Antinociceptive mechanism of immature Rubus occidentalis extract (iROE) together with yohimbine, prazosin, or dexmedetomidine. a ipsilateral site, b contralateral site. AI: immediately after injection. For statistical analysis, one-way Wilk’s lambda multivariate analysis of variance followed by post hoc univariate ANOVA with the Bonferroni correction and linear mixed-effects model was used. *P < 0.05 compared with the iROE 300 mg/kg group

Fig. 3
figure 3

Antinociceptive mechanism of immature Rubus occidentalis extract (iROE) together with atropine, mecamylamine, or naloxone. a Ipsilateral site, b Contralateral site. AI: immediately after injection. For statistical analysis, one-way Wilk’s lambda multivariate analysis of variance followed by post hoc univariate ANOVA with the Bonferroni correction and linear mixed-effects model was used. *P < 0.05 compared with the iROE 300 mg/kg group

Compared with the MWT value for the iROE 300 mg/kg group, the MWT values were lower in the yohimbine, atropine, mecamylamine, and naloxone groups for both the ipsilateral (MD -0.70; 95% CI − 0.79 to − 0.61; P < 0.001, MD -0.10; 95% CI − 0.20 to − 0.01; P = 0.033, MD -0.12; 95% CI − 0.22 to − 0.03; P = 0.011, MD -0.58; 95% CI − 0.67 to − 0.49; P < 0.001, respectively) and contralateral sites (MD -0.61; 95% CI − 0.71 to − 0.52; P < 0.001, MD -0.13; 95% CI − 0.22 to − 0.03; P = 0.010, MD -0.15; 95% CI − 0.25 to − 0.05; P = 0.002, MD -0.53; 95% CI − 0.62 to − 0.43; P < 0.001, respectively). The MWT in the dexmedetomidine group at the ipsilateral site was higher than that in the iROE 300 mg/kg group (MD 0.10; 95% CI 0.01 to 0.20; P = 0.030). There was no evidence of a significant difference in the prazosin group for both the ipsilateral and contralateral sites (MD -0.06; 95% CI − 0.15 to 0.04; P = 0.240 and MD -0.09; 95% CI − 0.19 to 0.00; P = 0.061) and in the dexmedetomidine group for the contralateral site (MD 0.09; 95% CI − 0.00 to 0.19; P = 0.062).

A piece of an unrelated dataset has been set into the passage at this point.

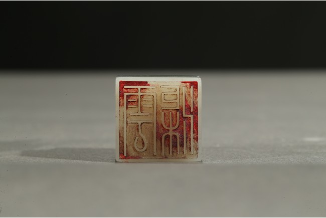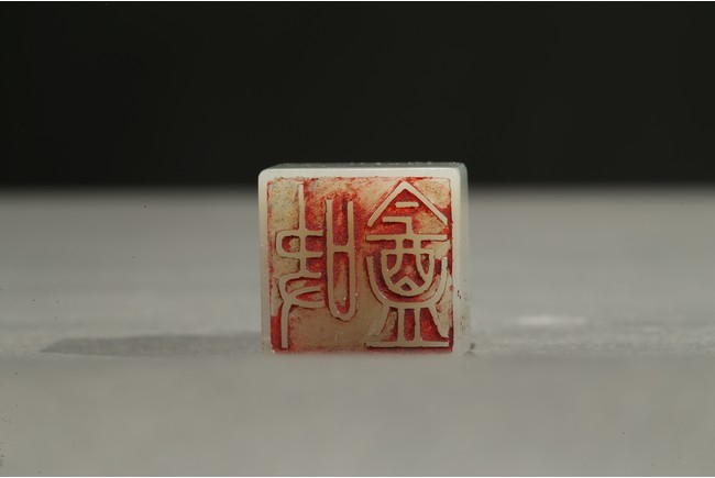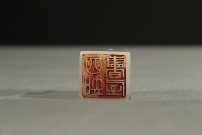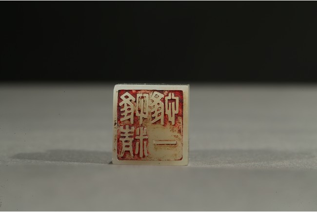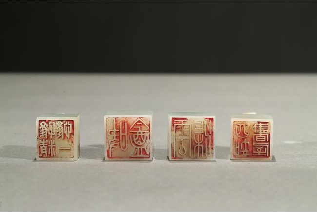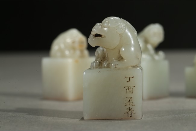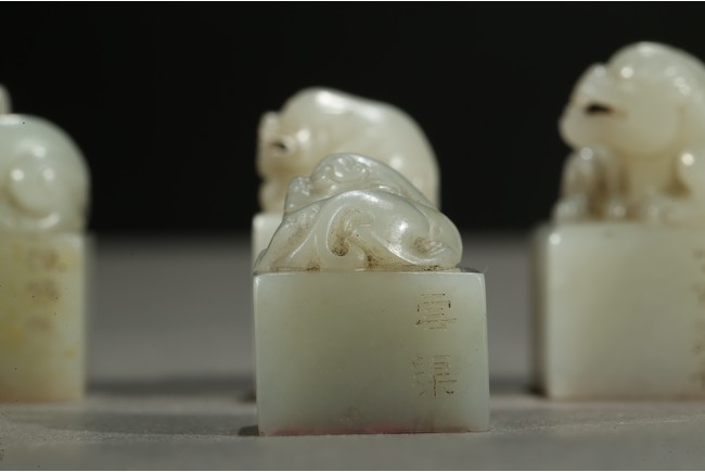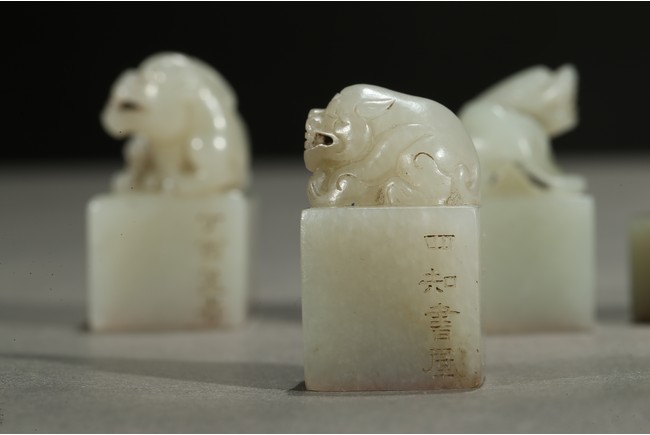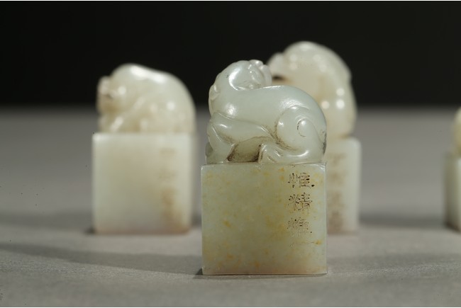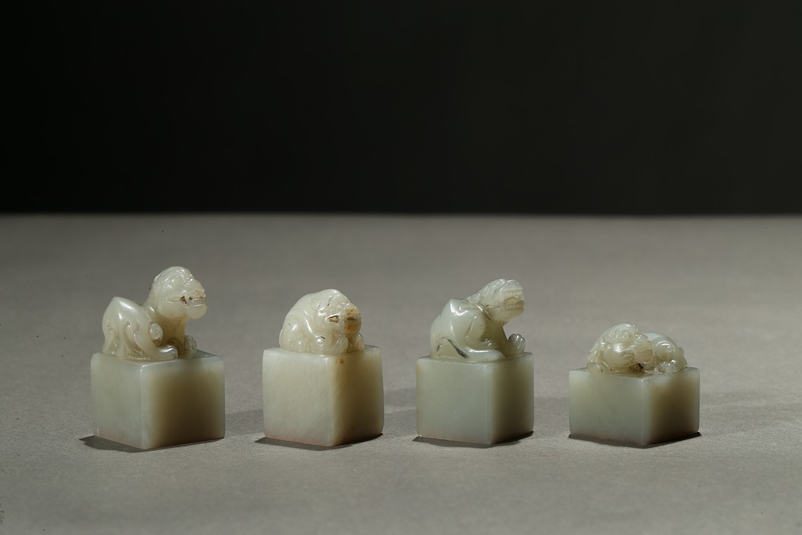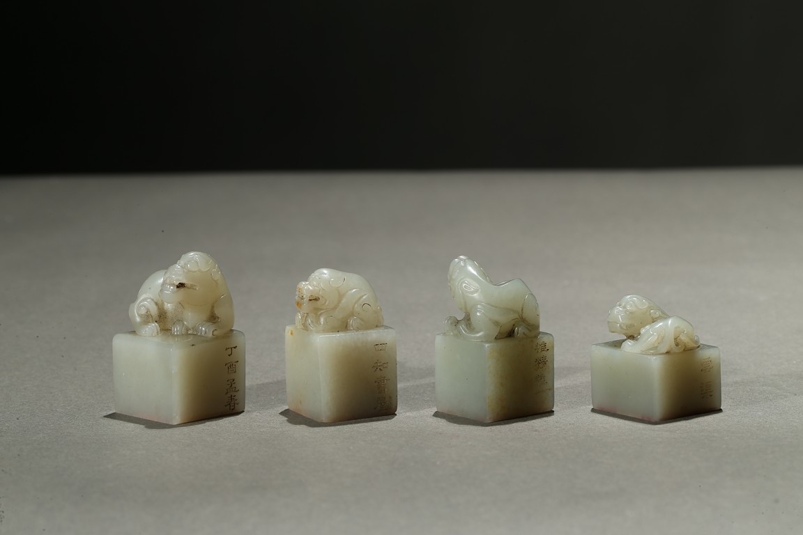 Each seal is of rectangular form, the top carved in the form of a crouching mythical beast, the side of platform carved with regular script inscription, the base deeply carved in characters in archaic script, the stone is of smoothly polished celadon white tone. Qing Dynasty period.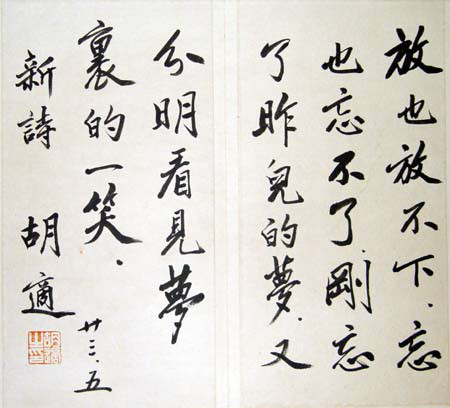 以前只知道胡适先生是个思想家,想不到他的书法亦有如此的功底,真的令人赏心悦目。

The AUC values showed significant differences between the groups injected at the ipsilateral and contralateral sites (F[6, 63] = 59.958, P < 0.001 and F[6, 63] = 30.788, P < 0.001). Compared with the MWT value for the iROE 300 mg/kg group, the AUC values at the ipsilateral site were significantly lower in naloxone and yohimbine group (MD -85.61; 95% CI − 112.10 to − 59.12; P < 0.001, MD -105.36; 95% CI − 131.85 to − 78.87; P < 0.001, respectively) and the AUC values at the contralateral site were significantly lower in naloxone and yohimbine group (MD -85.98; 95% CI − 123.37 to − 50.59; P < 0.001, MD -107.20; 95% CI − 143.59 to − 70.81; P < 0.001, respectively).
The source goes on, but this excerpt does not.